CellSs Runtime

The CellSs runtime is decoupled in two parts: one part runs in the PPU and another in each of the SPUs. In the PPU, we will differentiate between the master thread and the helper thread.

The most important change in the original user code that the CellSs compiler inserts are the calls to the Execute function whenever a call to an annotated function appears. At runtime, these calls to the Execute function will be the responsible for the intended behavior of the application in the Cell BE processor. At each call to Execute, the master thread will do the following actions:
 

  • Addition of a node in a task graph that represents the called task.
  • Data dependency analysis of the new task with other previously called tasks.
  • Parameters renaming: similarly to register renaming, a technique from the superscalar processor area, we do renaming of the output and input/output parameters. For every function call that has a parameter that will be written, instead of writing to the original parameter location, a new memory location will be used, that is, a new instance of that parameter will be created and it will replace the original one, becoming a renaming of the original parameter location. This allows to execute that function call independently from any previous function call that would write or read that parameter. This technique allows to effectively remove some data dependencies by using additional storage, and thus improving the chances to extract more parallelism.

The helper thread is the one that decides when a task should be executed and also monitors the execution of the tasks in the SPUs.

Given a task graph, the helper thread schedules tasks for execution in the SPUs.
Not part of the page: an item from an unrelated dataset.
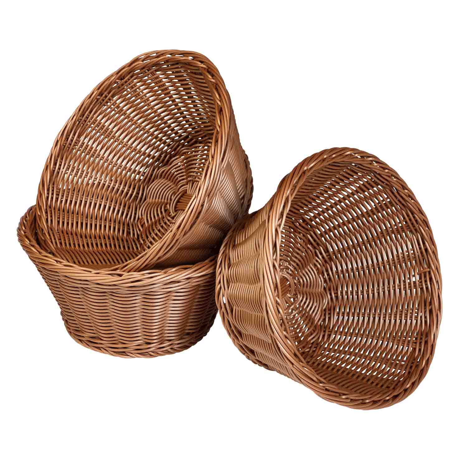 These round baskets combine the durability of plastic with the look of wicker to provide a practical, versatile and attractive storage solution!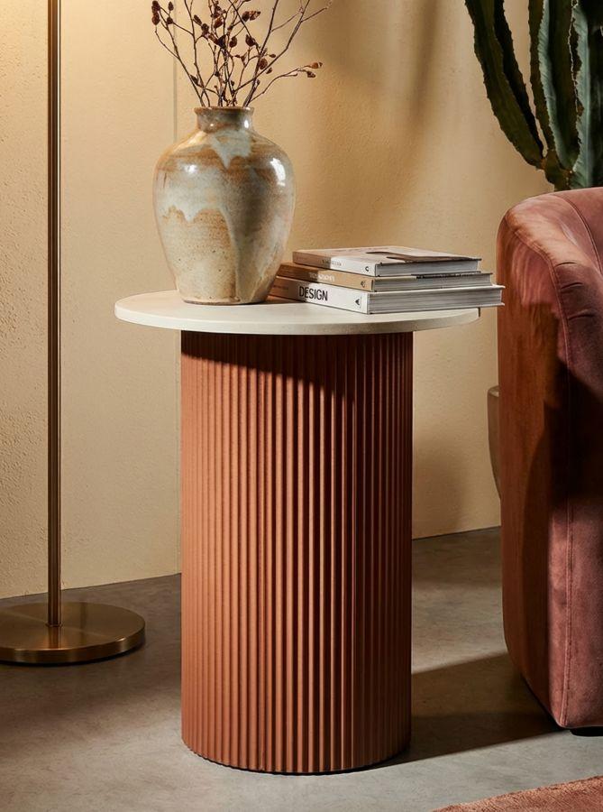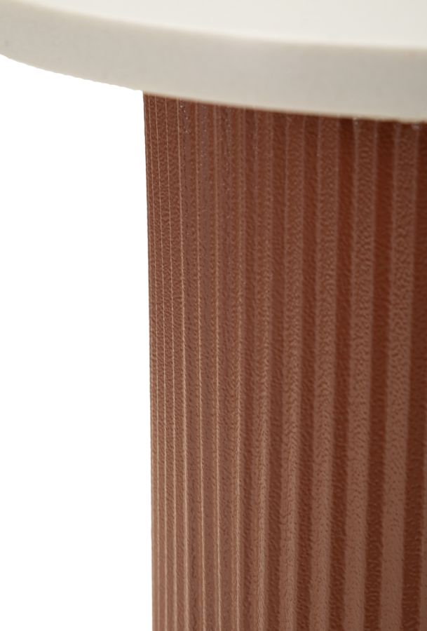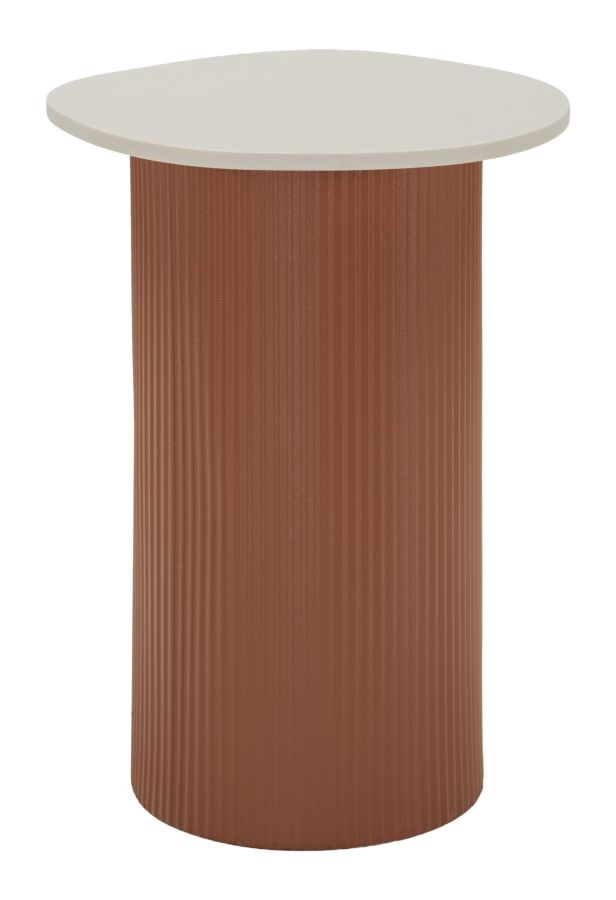 Blatul rotund cu finisaj alb creează un contrast plăcut cu baza cilindrică roșie, evidențiată de textura verticală discretă. Proporțiile suple și forma compactă permit integrarea ușoară lângă o canapea sau un fotoliu, oferind un suport practic pentru obiecte decorative sau accesorii.

This scheduling follows some guidelines:
 

  • A task can be scheduled if its predecessor tasks in the graph have finished their execution
  • To reduce the overhead of the DMA, strands of tasks are submitted to the same SPU.
  • Locality of data is exploited by keeping task outputs in the SPU local memory and scheduling tasks that reuse this data to the same SPU.

The helper thread synchronizes and communicates with the SPUs using a specific area of the PPU main memory for each SPU. The helper thread indicates the length of the strand of tasks to be executed and information related to the input and output data of the tasks.

The SPUs execute a loop waiting for tasks to be executed. Whenever a strand of tasks is submitted for execution, the SPU starts the DMA of the input data, processes the tasks and writes back the results to the PPU memory. The SPU synchronizes with the PPU to indicate end of the strand of tasks using a specific area of the PPU main memory.